In the middle of the large, two-room communal tent, old, donated pieces of furniture form a circle for a meeting. The atmosphere is damp and lived in. Books sit on rickety shelves. A poster hangs limply on the wall. "You can't ever have enough of things you don't need," it reads.

Tomorrow is eviction day. The protesters are due to be removed from the deserted UBS building they have occupied since 18 November. Later this week, the tents that for more than 100 nights have sat in the shadow of Wren's famous old cathedral will finally be cleared. Yet the mood inside the tent remains fierce and defiant.

Gathered from all walks of life, the Occupy demonstrators sit for their weekly meeting - perhaps their last. The meeting is scheduled to "activist time" (which turned out to be around 7.25pm).

Having made the mistake of asking who the chairman is, I am quickly walked through Occupy meeting protocol.

"Oh it's your first time? There is no chairman and be warned, things can get pretty heated inside the tent," a young, well-spoken resident of the "warm" UBS building tells me.

She runs us through the hand signals used within the group, which were optimistically introduced to aid fast and effective discussions. There's the swirling of the hands, which translates to "shut up you're rambling". With passionate minds leading conversations off-piste, it is used more than once...

Then comes a quick catch-up on the news from their brothers at Occupy Sheffield, including the idea of introducing pop-up occupations in different neighbourhoods if the main camp in London is forced to disband. There is also a nod to how their Northern counter-parts are effectively dealing with alcohol and violence around the camp, with a firmer no-tolerance attitude.

The minute-taker is designated - even anarchists need some order - and so talk turns to the looming removals.

Strategy talk is all well and good, but without a main campsite, Occupy's presence in the City will be greatly reduced.

Having lost their high-court battle against the City Of London Corporation last Wednesday, and having dropped a challenge to their eviction from the UBS building, the reality of the camp ending has become a stark reality.

No one says they will be leaving quietly. One enthusiastic protester pipes up to announce the song classes will be creating some catchy jingles to keep up morale come D-Day.

The protesters, many seasoned activists with a good working knowledge of the eviction process, also plot out their more practical strategies for the arrival of the bailiffs.

However, it's clear there is one thing they can't decide on - arrests.
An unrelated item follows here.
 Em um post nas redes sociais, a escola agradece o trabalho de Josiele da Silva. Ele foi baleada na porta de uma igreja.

While one man demands a list be put together of people who are willing to be arrested, and an Occupier from the LA movement tries to get her head around the UK bail system, another man stands up to ask why arrests are even being discussed.

"Surely no one will be arrested as they are not coming to move us, they are only moving our tents?" It's a good question.
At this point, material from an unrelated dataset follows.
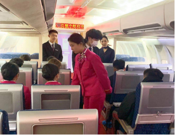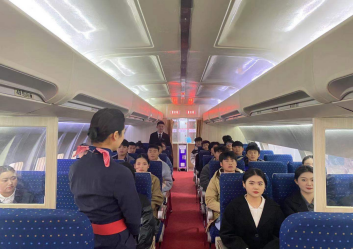 活动由合作企业中航国铁教研中心代坤、刘纹两位民航专业教师带领学生开展。活动中,教师对飞机客舱释压的影响、客舱供养设备、乘务员对客舱释压的直接处置作了详细的介绍和演示。情景模拟环节是本次活动的重点,学生分别扮演乘务员和旅客的角色,模拟“当飞机突然出现客舱施压时,乘务员该如何紧急处置并安抚旅客情绪”的情景。

Stuart Fraser, the City of London Corporation's policy chairman, recently said: "We took this action to clear the tents and equipment at St Paul's.
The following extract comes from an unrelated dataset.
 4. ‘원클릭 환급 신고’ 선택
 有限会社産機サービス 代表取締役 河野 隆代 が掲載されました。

"We hope the protesters will now remove the tents voluntarily. If not, and subject to any appeal proceedings, we will be considering enforcement action as soon as possible.

''Lawful protests are a regular part of City life but tents, equipment and increasingly, quite a lot of mess is not what a highway is for and the public generally is losing out - as evidence before the court made clear.''

Technically there is no reason for arrests to be made, but that isn't stopping the Occupiers from being prepared. As I left the debate raged on. Young and old, the observable and the masked, the British and the foreign, united in their hatred of fat cats, bonuses, banks and everything therein.